Now Available for Public Comment: Notice of Proposed Rulemaking (NPRM) for FDAAA 801 and NIH Draft Reporting Policy for NIH-Funded Trials

High-Dose Combination Chemotherapy Plus Peripheral Stem Cell Transplantation Compared With Standard Combination Chemotherapy in Treating Women With High-Risk Breast Cancer (15-95)

This study has been completed.
Sponsor:
Information provided by (Responsible Party):
International Breast Cancer Study Group
ClinicalTrials.gov Identifier:
NCT00002784
First received: November 1, 1999
Last updated: April 3, 2013
Last verified: July 2012
  Purpose

RATIONALE: Drugs used in chemotherapy use different ways to stop tumor cells from dividing so they stop growing or die. Combining chemotherapy with peripheral stem cell transplantation may allow the doctor to give higher doses of chemotherapy drugs and kill more tumor cells. It is not yet known if high-dose combination chemotherapy plus peripheral stem cell transplantation is more effective than standard combination chemotherapy for breast cancer.

PURPOSE: Randomized phase III trial to compare high-dose combination chemotherapy plus peripheral stem cell transplantation with standard combination chemotherapy in treating women with stage II or stage III breast cancer.
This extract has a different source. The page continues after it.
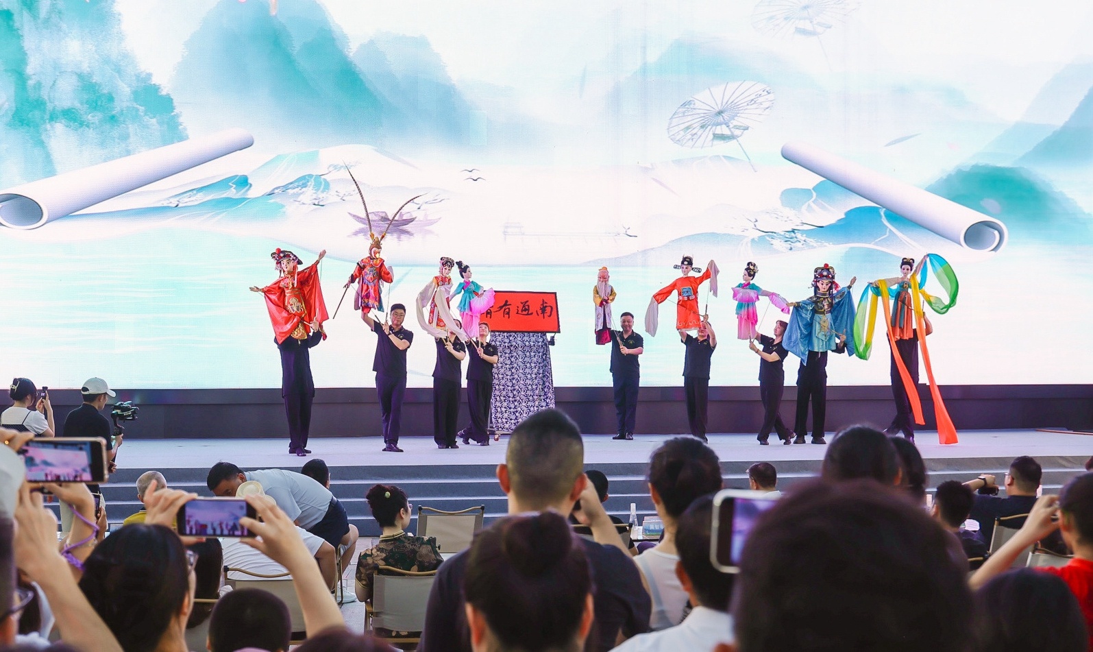 打開南通的方式不止于此。主舞臺上,南通文旅推介官張春燕以“狀元郎”“冠軍侯”“老壽星”“俏織娘”“品鮮客”“潮玩族”等六種形象生動(dòng)登場,向觀眾娓娓道來南通的歷史人文與潮流玩法。南通非遺杖頭木偶、雜技等表演輪番登場,點(diǎn)燃現(xiàn)場氛圍;尤其當(dāng)梅庵古琴的寬厚灑脫與蘇州評彈的溫婉靈動(dòng)相遇,通蘇文化交融碰撞演繹出別樣韻味,贏得觀眾陣陣掌聲。

Condition Intervention Phase
Breast Cancer
Biological: filgrastim
Drug: CMF regimen
Drug: cyclophosphamide
Drug: doxorubicin hydrochloride
Drug: epirubicin hydrochloride
Drug: fluorouracil
Drug: mesna
Drug: methotrexate
Drug: tamoxifen citrate
Procedure: peripheral blood stem cell transplantation
Radiation: low-LET electron therapy
Radiation: low-LET photon therapy
Phase 3

Study Type: Interventional
Study Design: Allocation: Randomized
Endpoint Classification: Safety/Efficacy Study
Intervention Model: Parallel Assignment
Masking: Open Label
Primary Purpose: Treatment
Official Title: Randomized Trial of High-dose Epirubicin and Cyclophosphamide x 3 Supported by Peripheral Blood Progenitor Cells Versus Anthracycline and Cyclophosphamide x 4 Followed by Cyclophosphamide, Methotrexate, and 5-fluorouracil x 3 as Adjuvant Treatment for High Risk Operable Stage ii and Stage Iii Breast Cancer in Premenopausal and Young Postmenopausal (Less Than or Equal to 65 Yrs) Patients.

Resource links provided by NLM:


Further study details as provided by International Breast Cancer Study Group:

Primary Outcome Measures:
  • Disease-free survival. [ Time Frame: 16 years after randomization. ] [ Designated as safety issue: No ]
    Time from randomization to recurrence (including recurrence isolated to the breast), metastasis, appearance of a second primary tumor, or death from any cause, whichever occurs first.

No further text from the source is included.